What would you do with Alife Sessions, if anything, in a new space?
“We’ve been thinking of different ways to do that, and it would be some form of art or public work, perhaps. Without giving up too much, we want to be able to show things in a different way. Sneakers can get boring. There are only so many ways you can show a sneaker, and people see sneakers online. What’s more exciting than that is showing what all of this means in a different light. We sell, and do well, with accessories and art. Sneakers are still a driver for a lot of retailers, but people are into books more and they’re into culture. Our goal is to push art, Alife has always been about that, and the goal is to do that in a retail store.”
What are your fondest moments in Alife Rivington Club?

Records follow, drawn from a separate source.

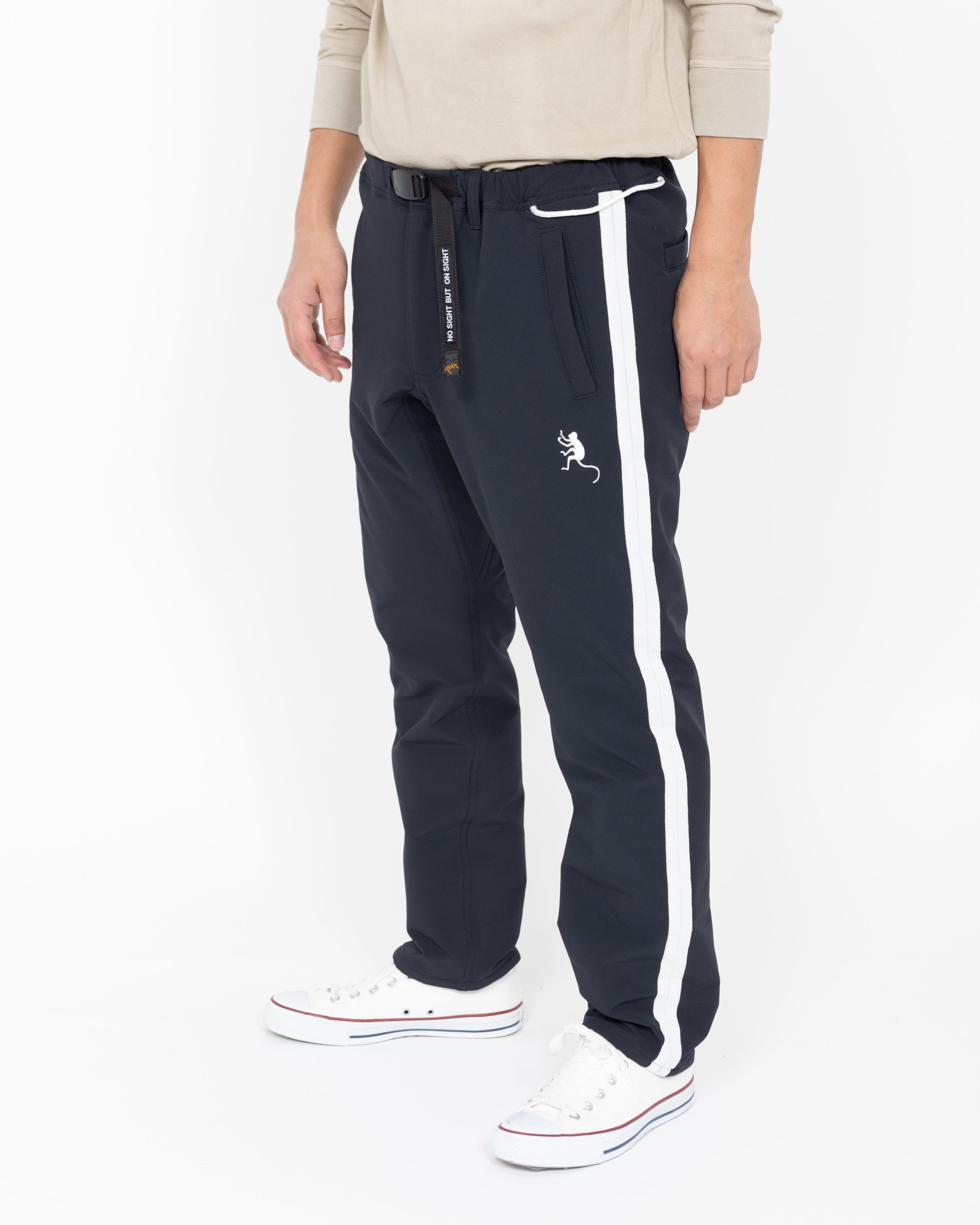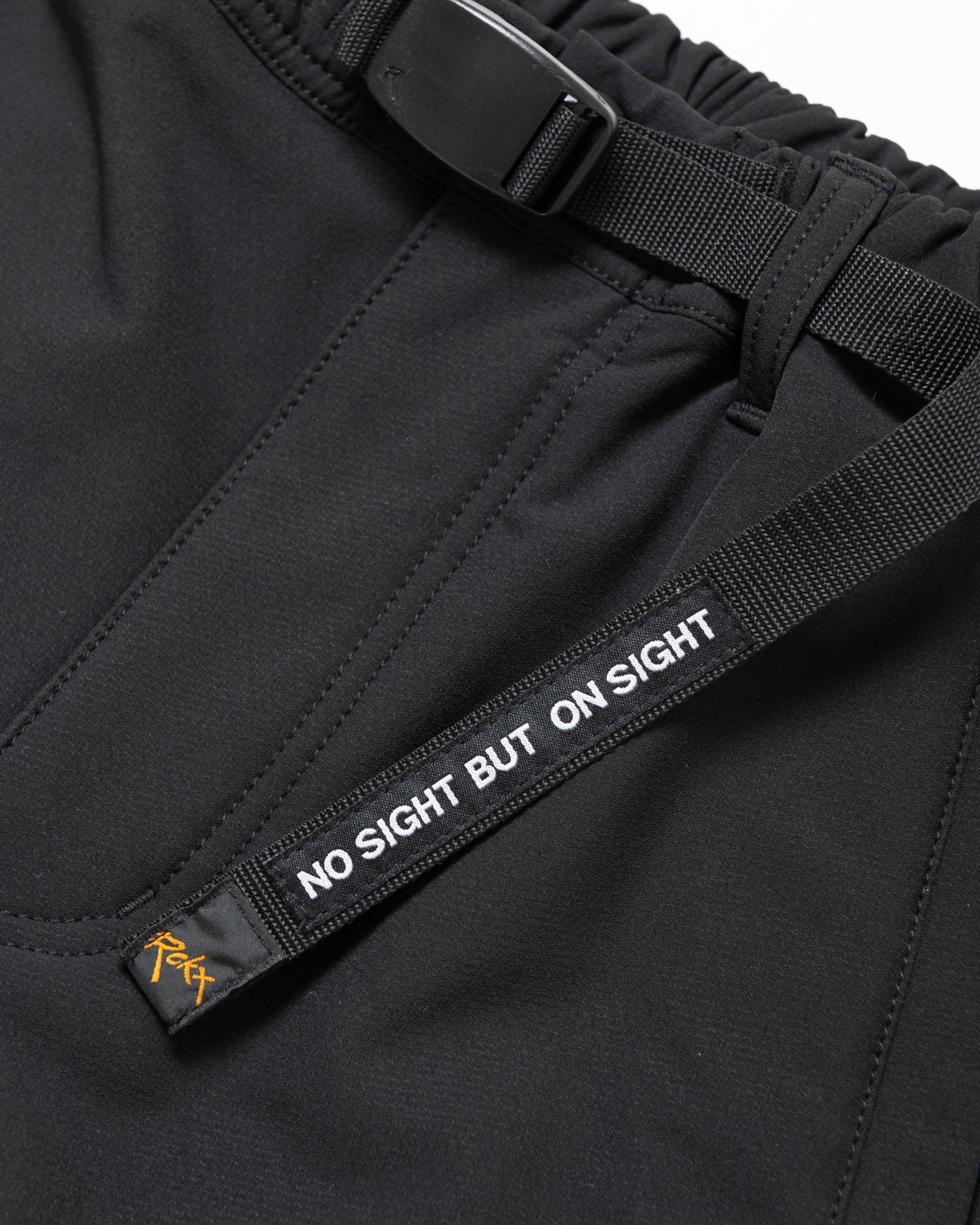 左太もも部分にはモンキーマジックロゴを刺繍、バックポケットにはROKXとモンキーマジックの両ロゴを縫い付け。ベルトにはモンキーマジックのタグライン「No Sight But On Sight! (見えなくても、一回で登り切れる!)」を印字。
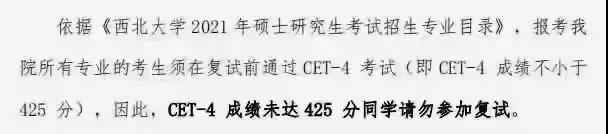 21考研西北大學生命科學學院研究生招生簡章要求考生在復試前通過四級考試,成績低于425分的同學沒辦法參加復試!今年最新的招生簡章還未公布,有想報考這個院校的同學今年要重點關注哦~
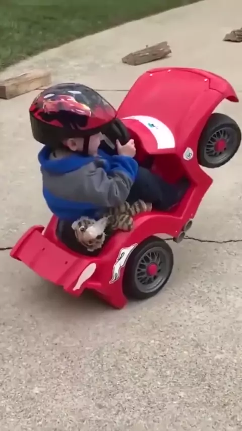 Garoto andando em seu carro de brinquedo fica em apuros. #f #fyp #kwai #baby #viral
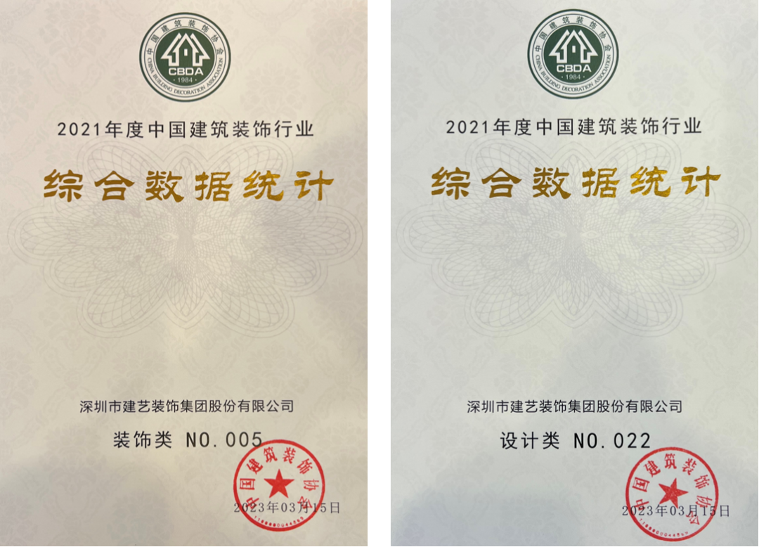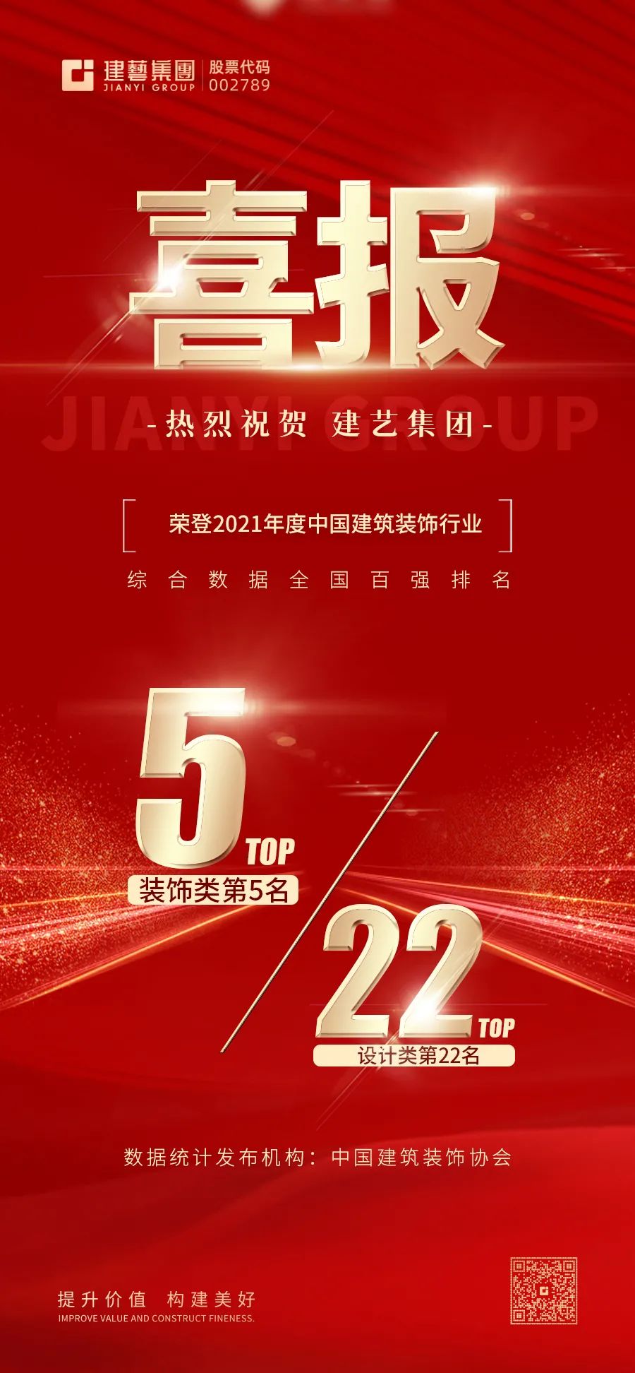 【重磅】建艺集团连续荣登中国建筑装饰行业综合百强榜排名装饰类第5名和设计类第22名
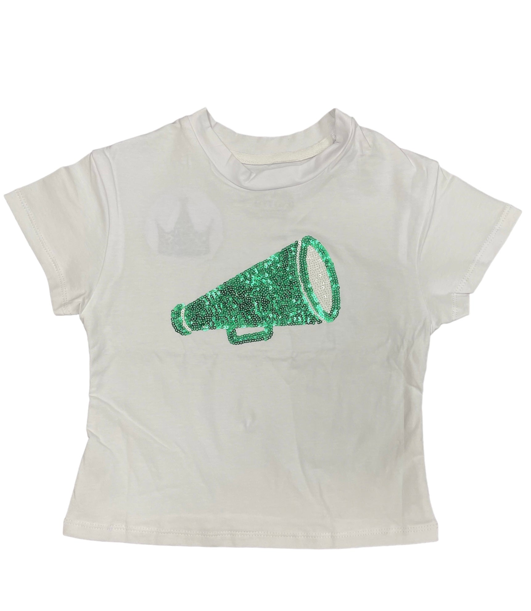 The Azarhia Green Megaphone Sequin Tee is a spirited and flashy shirt adorned with a green sequin megaphone graphic, perfect for adding a touch of sparkle to your game day ensemble.
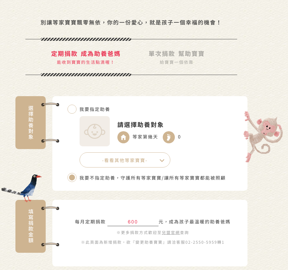 ▼如果大家願意當助養爸媽,他們的生活費和專業保母照護費等等的開銷都可以獲得保障!兒盟照顧這些等家寶寶已經超過28年,每年至少須籌募1500萬元才能給予百分之百的照顧。(定期捐款 成為助養爸媽)
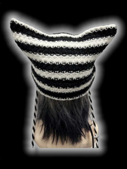 Black and White Cross Appliques Cat Ears Striped Beanie
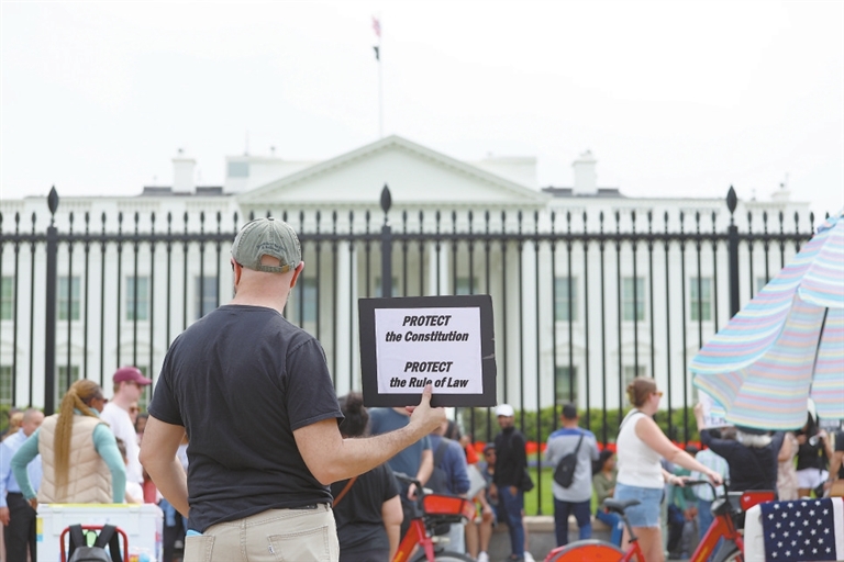美国多地19日举行抗议活动,首都华盛顿、纽约、旧金山、波士顿等城市的民众走上街头,抗议现政府大规模裁员、加征关税、驱逐移民等政策。 新华社记者 胡友松摄
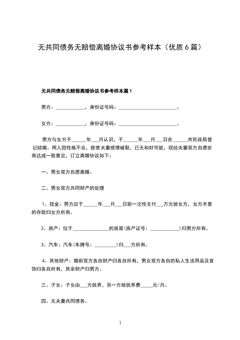 双方确认在婚姻关系存续期间没有发生任何共同债务,任何一方如对外负有债务的,由负债方自行承担。
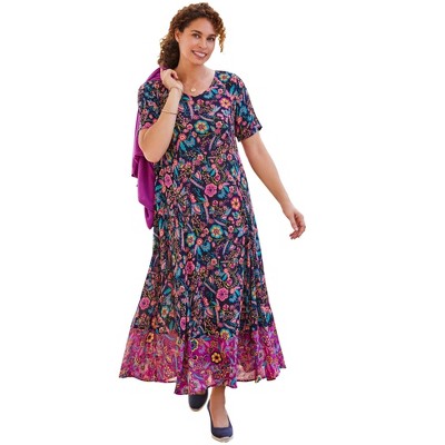 Woman Within Perfect Short-Sleeve Scoopneck Maxi Tee Dress - 5X, Navy
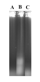 Fig. 3: Huh-7 cells (1x106 cells/ml) were treated with EA & ET at 10 µg/ml for 24 h. The isolated DNA samples were electrophoresed for 2 h at 20V in 1% agarose gel and stained with ethidium bromide. We found intact DNA for control group (A) whereas degraded DNA as smear or broken ladder in EA (B) and ET (C) groups
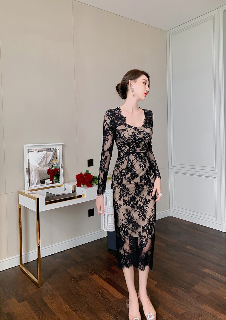 ワンピース オールインワン ロングスカート フレアスカート フレアワンピース ワンピドレス ひざ丈 ロング丈 袖あり 長袖 Vネック セミフレア Aライン レース 刺繍 透け感 シースルー 大人可愛い きれいめ シンプル 大人 上品 おしゃれ かっこいい 大人女子 クール モード系 セクシー エレガント 主役級 存在感 フォーマル 無地 春 夏 秋 冬 レディース ママ マタニティ デート 女子会 パーティー イベント モテ 流行 インスタ映え S M L ブラック | ATAOI
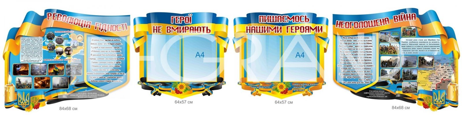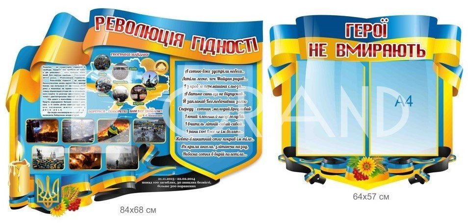 Цей комплект стендів створений для вшанування пам'яті та подвигів героїв, які захищали і продовжують захищати Україну під час Революції Гідності, а також у ході сучасної неоголошеної війни. Стенди слугують нагадуванням про жертовність, мужність і патріотизм українців, що боролися за свободу і незалежність нашої держави. Комплект сприяє вихованню патріотизму серед молоді та глибшому розумінню новітньої історії України.
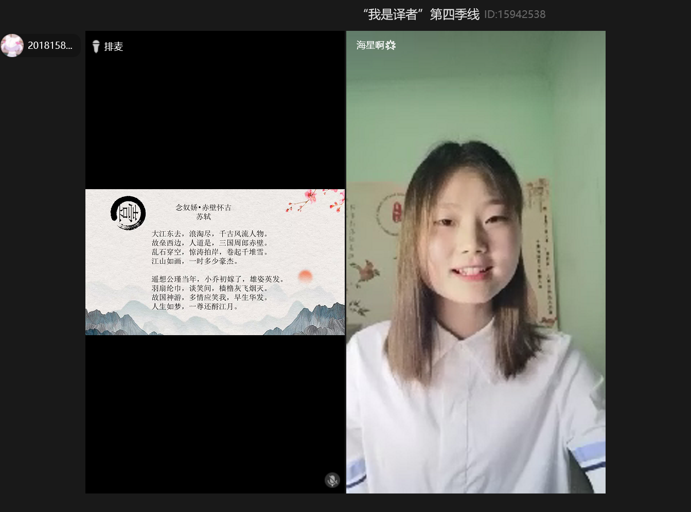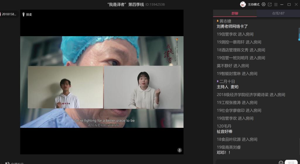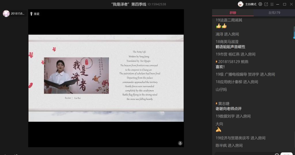 “我是译者”活动自2017年至今已连续开展四季,本次活动共收到全校各专业同学的作品300余件,最终评选出获奖作品24件。活动伊始,开场视频向观众们呈现了数百年来为中华民族独立、为新中国建设而做出贡献的英雄们,有“砍头不要紧,只要主义真”的夏明翰;有四川木里火灾救援牺牲的消防战士;有抗击新冠肺炎疫情的医护人员……本次活动旨在通过诗词表达对英雄的歌颂和赞美。
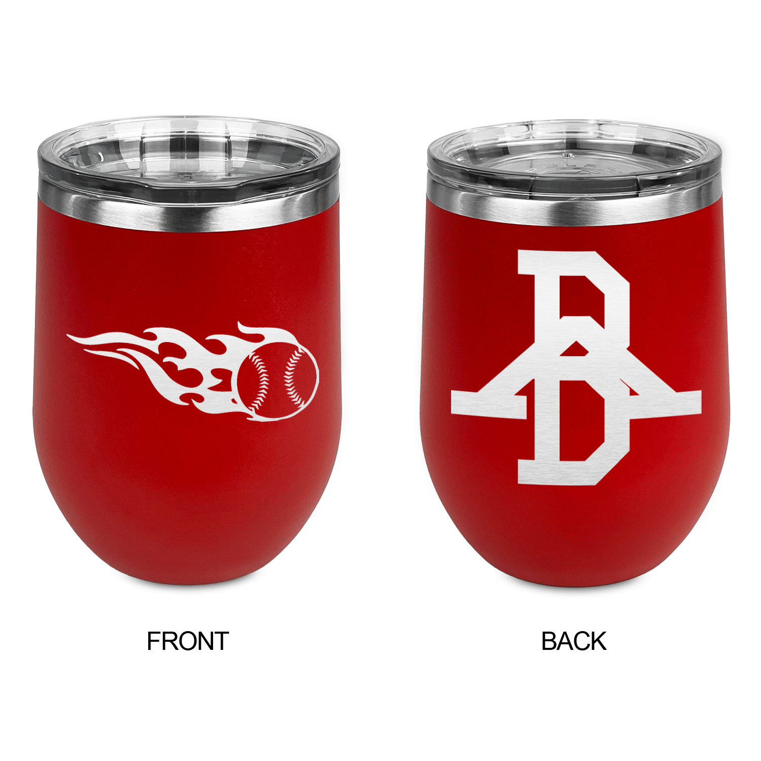 Baseball League Designs for Stemless Stainless Steel Wine Tumblers - Red - Double-Sided

“There are so many. We’re working on a documentary to tell stories because there are so many of them. For me, it’s the friends I’ve met. I’ve been at the store since 2005 and a lot of my friends are from that store. A lot of the Sessions are memorable, the moments and how things came together. We’ve had John Mayer back and Nas and Drake twice and Pusha T twice. Alife has always created the ‘how the f**k’ moment, like ‘How did they pull this off?’ Having that level of talent in the back of the store is so intoxicating that it will never be emulated in the city again. The one achievement that we had and a testament to the power of the city and Alife and what streetwear was back then was early on, we never paid for any artists. Nas came and did his thing, John Mayer did his thing, Cypress Hill did its thing — and never asked for a fee or a check. Drake performed for free. He wanted to be there, he grew up watching us sell clothes in the back of the store and going to our L.A. shop, he was friends with Dice [the God] and Tommy [Campos], and we never had to pay anyone any money. The way the industry shifted, you approach certain guys and it’s like, ‘Yeah sure, I’ll do it for $30,000,’ and it’s hard to generate some sort of return on investment off paying $30,000 for a performance for two hours where we can only bring in 100 people. It won’t ever be the same because the industry changed and people are more capitalistic in nature.”
When will this documentary come out? And where will it live?
“Don’t know yet. We’ve never done one, so we’re talking to a few different people to help in that process. There are a few documentaries that can be done — a documentary about Alife or one about Sessions. Alife, in itself, is a story of a time where everything was wide open, and Alife Sessions could be the history of it. We would love to put one out at some point, in 2021 or 2022, to talk about the impact of the store and what it meant. We’re working on drafting it. We’re in the early stages of being able to tell that story. Virgil [Abloh] and Heron [Preston] and other guys have been at Sessions; you’ve got Kevin Garnett at Sessions — there are so many people who have been to these events. For the Drake event, I remember having Raekwon and A$AP Rocky waiting for the performance and hanging out in the backyard at 1 a.m. It was a fun time.”